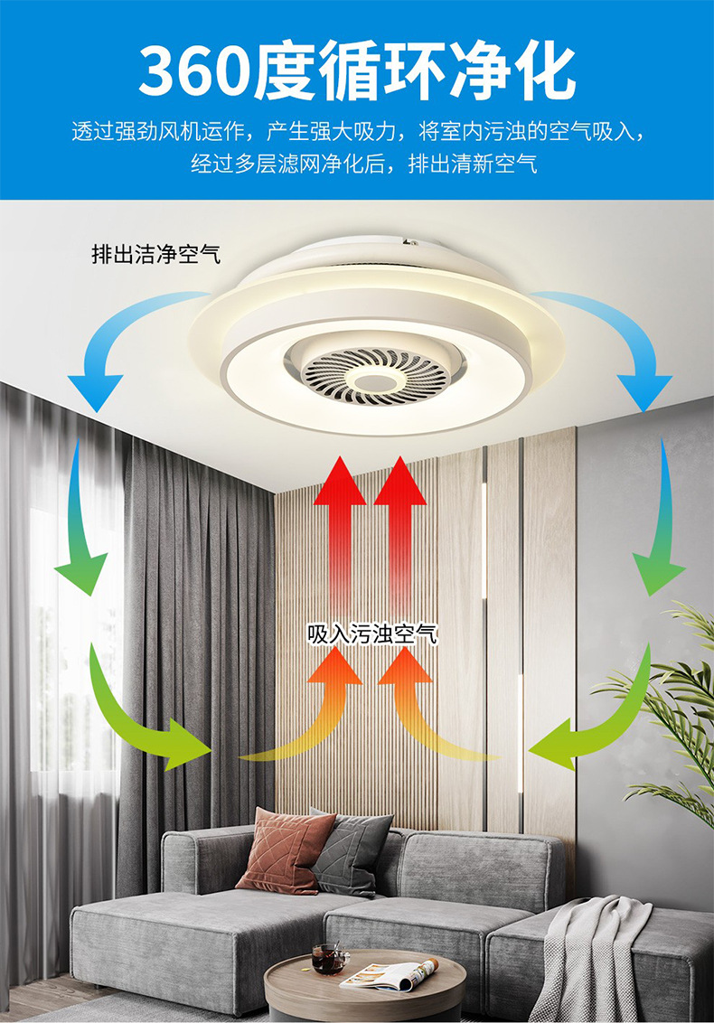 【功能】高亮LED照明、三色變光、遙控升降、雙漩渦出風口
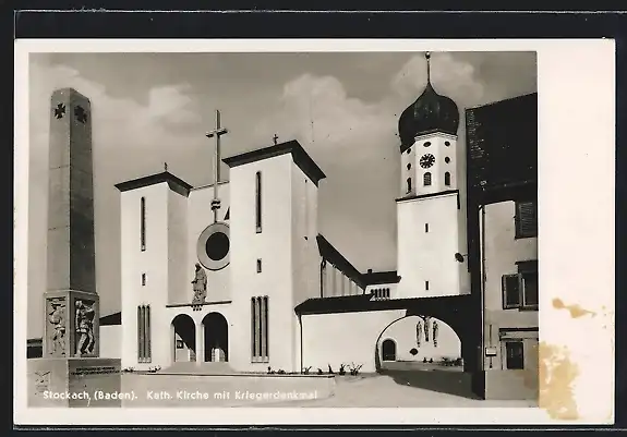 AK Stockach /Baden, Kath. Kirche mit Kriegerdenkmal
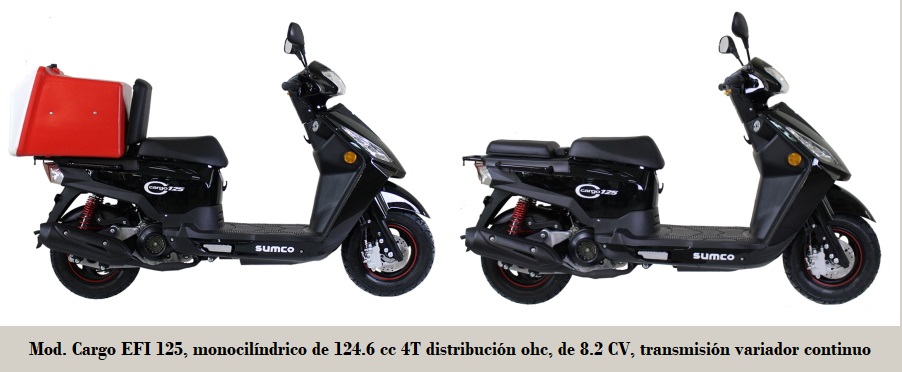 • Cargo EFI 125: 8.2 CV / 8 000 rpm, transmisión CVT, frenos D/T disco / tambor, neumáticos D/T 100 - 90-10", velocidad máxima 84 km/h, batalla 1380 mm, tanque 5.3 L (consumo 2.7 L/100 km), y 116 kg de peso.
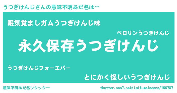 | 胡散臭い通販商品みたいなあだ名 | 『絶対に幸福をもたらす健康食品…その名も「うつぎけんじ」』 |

## Work order
Set down all the data again exactly as above, pictures excluded.

## Problem solution
 【功能】高亮LED照明、三色變光、遙控升降、雙漩渦出風口
 AK Stockach /Baden, Kath. Kirche mit Kriegerdenkmal
 • Cargo EFI 125: 8.2 CV / 8 000 rpm, transmisión CVT, frenos D/T disco / tambor, neumáticos D/T 100 - 90-10", velocidad máxima 84 km/h, batalla 1380 mm, tanque 5.3 L (consumo 2.7 L/100 km), y 116 kg de peso.
 | 胡散臭い通販商品みたいなあだ名 | 『絶対に幸福をもたらす健康食品…その名も「うつぎけんじ」』 |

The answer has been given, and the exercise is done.